Dit is een fragment uit de voor­stelling ‘Intro’, op de planken gezet door Theater Dete­rugkeer in het voorjaar van 2003

11 reacties

  1. thomas schreef:

    ik vind dat een vre­selijk schone tekst

  2. Yuri schreef:

    dankuzeer

  3. Nele schreef:

    Ik krijg hier nog steeds kip­penvel van. Of kip­pevel. Of kiekenbisch.
    In ieder geval, ‘vre­selijk’ ‘schoon’… met de nadruk op beide woorden…

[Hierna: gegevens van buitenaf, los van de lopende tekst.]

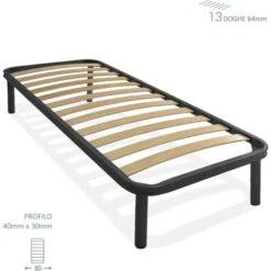 Qualydorm Rete In Ferro Con 4 Piedi E Doghe In Legno Cm Letto 80×190 H35 Per Materasso Da Una Piazza

  4. urbainalpain schreef:

    Ik denk dat wij eens samen aan een tekst moeten werken. Een tekst die zal ont­staan bij gratie van uit­ge­wis­selde gedachten. Dat we dachten… dat we denken en schrijven en met duizend woorden in elkaars denken blijven. ’t Is vaneigens maar een gedacht maar ge weet het nooit van te voren. Maar ’t zou kunnen, plots een roedel avond­vul­lende woorden van twee mensen die elkaar enkel kennen via toetsen… vraag me soms af wat zulks zou geven.

  5. charlotte schreef:

    Ik moet op mijn wangen bijten om tranen bij mij te houden.

  6. Yuri schreef:

    @ Urbain: Dat zijn zowaar schone gedachten. Ik ga daar eens in mijn hoofd over breinstormen.

  7. Carmen schreef:

    Deze tekst roept gevoel op die ik niet onder woorden wil brengen. Het zou de sfeer breken. Bedankt voor weer maar eens een pareltje dat ik bijna gemist had. Er staan enorm veel ver­borgen teksten op uw site. Een mens moet er naar zoeken, maar het is zeker de moeite waard.

    (ps. ik kan het soci­o­lo­gisch wel ver­klaren, maar dat doet niet ter zake.)

  8. Yuri schreef:

    Dank­jewel! Altijd fijn als men hier dingen van onder het stof haalt.
    Maarreuh – wat kan je dan precies soci­o­lo­gisch verklaren?

  9. Carmen schreef:

    Ik citeer: ‘ik weet niet hoe zoiets soci­o­lo­gisch te ver­klaren valt, maar veel posi­tiefs over men­se­lijke samen­le­vings­vormen valt er niet uit af te leiden.’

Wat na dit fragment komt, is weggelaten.